I don’t think we would. Our online life, in this world, might more closely resemble our offline one, with our local radio stations and local newspapers and local coffee shop offerings and aesthetics. Avocado toast might just stay in San Francisco.
This would surely introduce other problems, and we might not prefer that world. But the cultural flattening described by Chakya would be much less powerful, and much less worrying.
It’s the scale, then, that’s the problem. Did we have the same “flattening problem” when Facebook was only a social network for students at the same university? Would we have the problem different Spotify’s existed for different types of music — a classical music Spotify, a hip-hop one, a classic rock, an EDM one, and so on? Would we see the blending of coffee shop styles across the globe if there was an explicitly American Instagram, a Colombian Instagram, a Thai Instagram, and more?
I don’t think we would. Our online life, in this world, might more closely resemble our offline one, with our local radio stations and local newspapers and local coffee shop offerings and aesthetics. Avocado toast might just stay in San Francisco.
Should this Sadden Us?
As I’ve mentioned, I felt a growing sense of dread while reading Chayka’s book.
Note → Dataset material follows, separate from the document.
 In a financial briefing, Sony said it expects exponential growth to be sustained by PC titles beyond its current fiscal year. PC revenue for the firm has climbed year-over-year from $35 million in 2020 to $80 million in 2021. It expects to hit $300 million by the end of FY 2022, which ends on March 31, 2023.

I couldn’t stop wondering if we’re on a high-speed train to a very dull future.
But I don’t think we are.
For one, I believe we’ll begin to realize we don’t like this “cultural flattening” any more than Chayka does, and resist it. Chayka describes how Amazon attempted to recreate its algorithmic book recommendations in physical stores, describing at length what sounds like a truly dystopic bookstore environment. But he never mentions that Amazon Books, as the stores were called, closed permanently in March 2022. Seattleites thought the stores were dystopic too, and stopped going.
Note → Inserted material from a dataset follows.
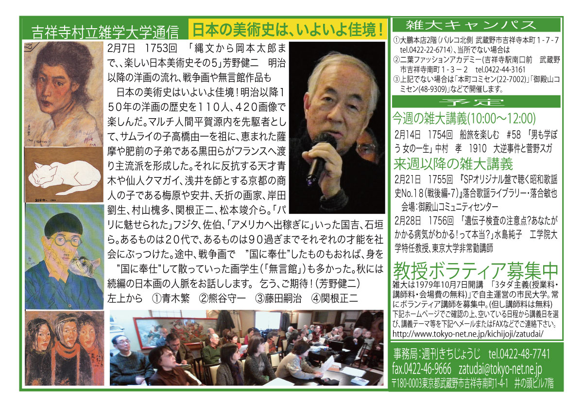 | 2月7日 1753回 | 2月7日(土)「縄文から岡本太郎まで、、楽しい日本美術史その5」芳野健二 明治以降の洋画の流れ、戦争画や無言館作品も |

And while the internet tends to the creation of monopolistic agglomeration by a few large corporations — funneling the rest of us into the algorithmic cultures they create — this need not always be so. Monopolies don’t last forever. The Bell System held monopoly control over long-distance telecommunication in the US until 1984, when it was finally broken up. And innovation flourished after, including a 19% increase in industry patents, according to one study.
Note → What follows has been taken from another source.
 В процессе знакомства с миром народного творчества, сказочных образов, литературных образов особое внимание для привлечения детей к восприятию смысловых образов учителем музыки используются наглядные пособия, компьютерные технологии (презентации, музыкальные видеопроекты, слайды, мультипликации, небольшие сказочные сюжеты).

There are already signs that many wish to move away from the massive sites dominating our online lives. Be.Real may already be losing traction among Gen Z users who first adopted it, but the app’s early popularity signals a desire by many for more “authentic” experiences online — less curated, less algorithm-driven, and less ~everyone~. Those I know who’ve used the app highlight this last point, that it’s just them and a few friends they know. It feels like an actual social network.
This is part of the same reason many others, myself included, like using Strava. And it helps explain some of the growing popularity of Discord, which allows for customizable control to make an online community feel more like a community, something inherently small and human.
And whether you like cryptocurrency or not, much of the excitement among the crypto community centers around the idea of Web3, a theorized next version of the internet that would be less centralized, and less monopolistic. Whether or not this next internet becomes the one we use, it’s clear there’s a desire to make it happen.
Filterworld, at the end of the day, is a worthwhile book. It made me think much more deeply about the ways the internet is affecting global culture, and the ways all that’s affecting me.
But I disagree with Chayka’s theorized causes of our cultural flattening, and don’t feel quite so hopeless about it as I did while reading. After all, I’m writing this while listening to new Discover Weekly songs, and I’m liking many of them. And when that stops happening, I’ll move onto whatever comes next.